§ PROBLEM DESCRIPTION: In the records below, repeat word for word only the lines starting at the one that contains "許慧霞代表學校對白育庭一行來" and ending at the one that contains "10月11日,河北省唐山市丰润区丰润镇卢各庄村农民整理收获的玉米。", pictures excluded.
──────── DATA TO PROCESS
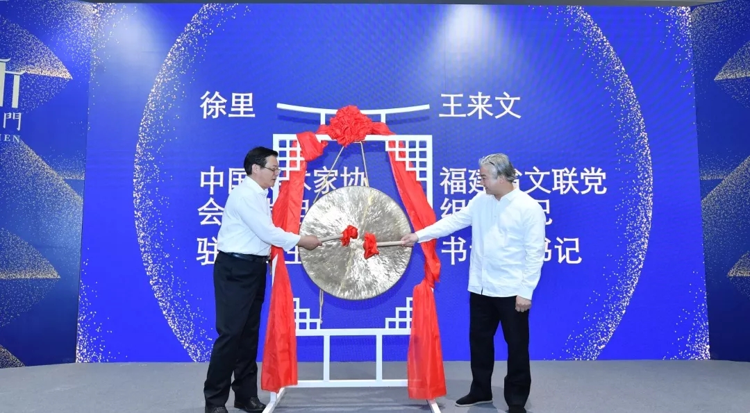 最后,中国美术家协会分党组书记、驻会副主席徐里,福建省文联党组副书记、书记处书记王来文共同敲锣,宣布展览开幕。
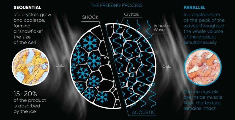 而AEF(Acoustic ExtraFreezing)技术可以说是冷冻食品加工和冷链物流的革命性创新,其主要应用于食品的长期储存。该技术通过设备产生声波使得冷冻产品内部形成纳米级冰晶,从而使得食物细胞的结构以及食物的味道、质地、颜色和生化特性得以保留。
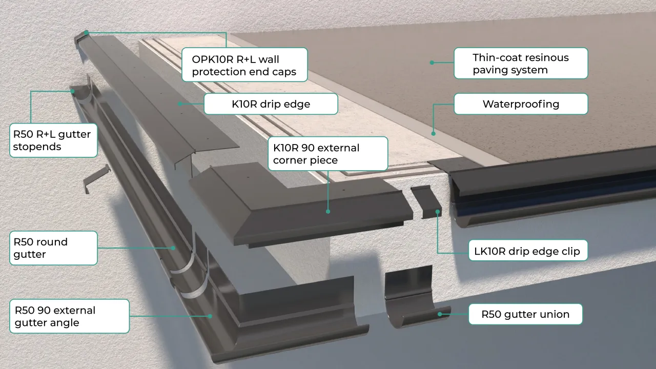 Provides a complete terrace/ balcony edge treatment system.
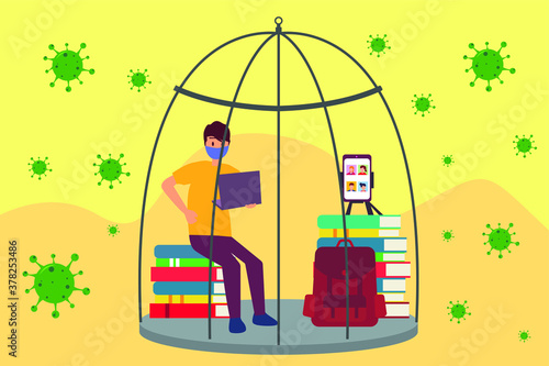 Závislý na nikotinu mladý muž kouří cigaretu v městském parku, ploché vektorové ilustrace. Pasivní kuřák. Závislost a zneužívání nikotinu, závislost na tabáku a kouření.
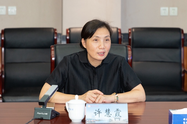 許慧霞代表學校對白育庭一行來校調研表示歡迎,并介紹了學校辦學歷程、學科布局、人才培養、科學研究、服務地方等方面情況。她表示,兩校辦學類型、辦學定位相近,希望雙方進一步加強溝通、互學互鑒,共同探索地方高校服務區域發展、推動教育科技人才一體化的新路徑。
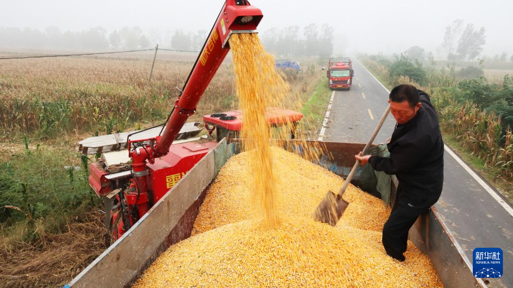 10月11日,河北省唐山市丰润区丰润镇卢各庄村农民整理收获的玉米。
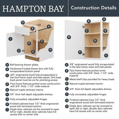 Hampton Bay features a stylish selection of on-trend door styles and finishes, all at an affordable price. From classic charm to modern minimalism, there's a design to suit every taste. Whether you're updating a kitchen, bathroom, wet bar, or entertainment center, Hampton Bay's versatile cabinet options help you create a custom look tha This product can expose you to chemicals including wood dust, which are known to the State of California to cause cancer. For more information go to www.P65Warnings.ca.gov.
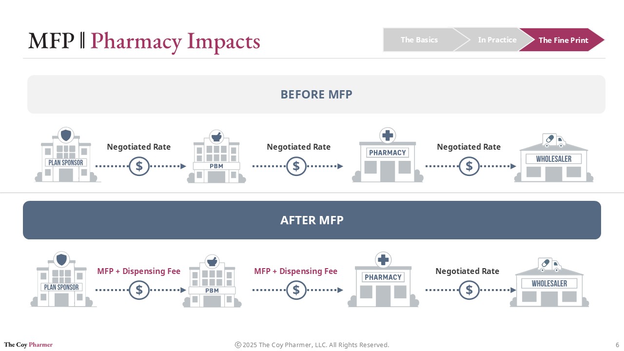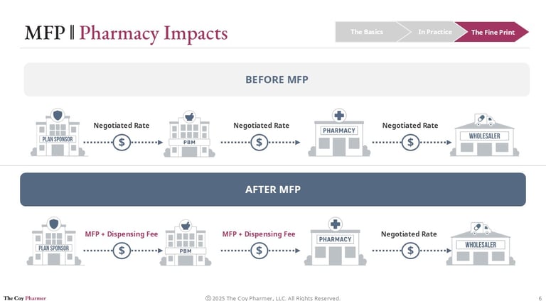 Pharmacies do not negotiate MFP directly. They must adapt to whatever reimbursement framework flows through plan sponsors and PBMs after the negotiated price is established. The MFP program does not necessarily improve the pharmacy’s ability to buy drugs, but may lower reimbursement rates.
────────────────
§ RESULT:
 許慧霞代表學校對白育庭一行來校調研表示歡迎,并介紹了學校辦學歷程、學科布局、人才培養、科學研究、服務地方等方面情況。她表示,兩校辦學類型、辦學定位相近,希望雙方進一步加強溝通、互學互鑒,共同探索地方高校服務區域發展、推動教育科技人才一體化的新路徑。
 10月11日,河北省唐山市丰润区丰润镇卢各庄村农民整理收获的玉米。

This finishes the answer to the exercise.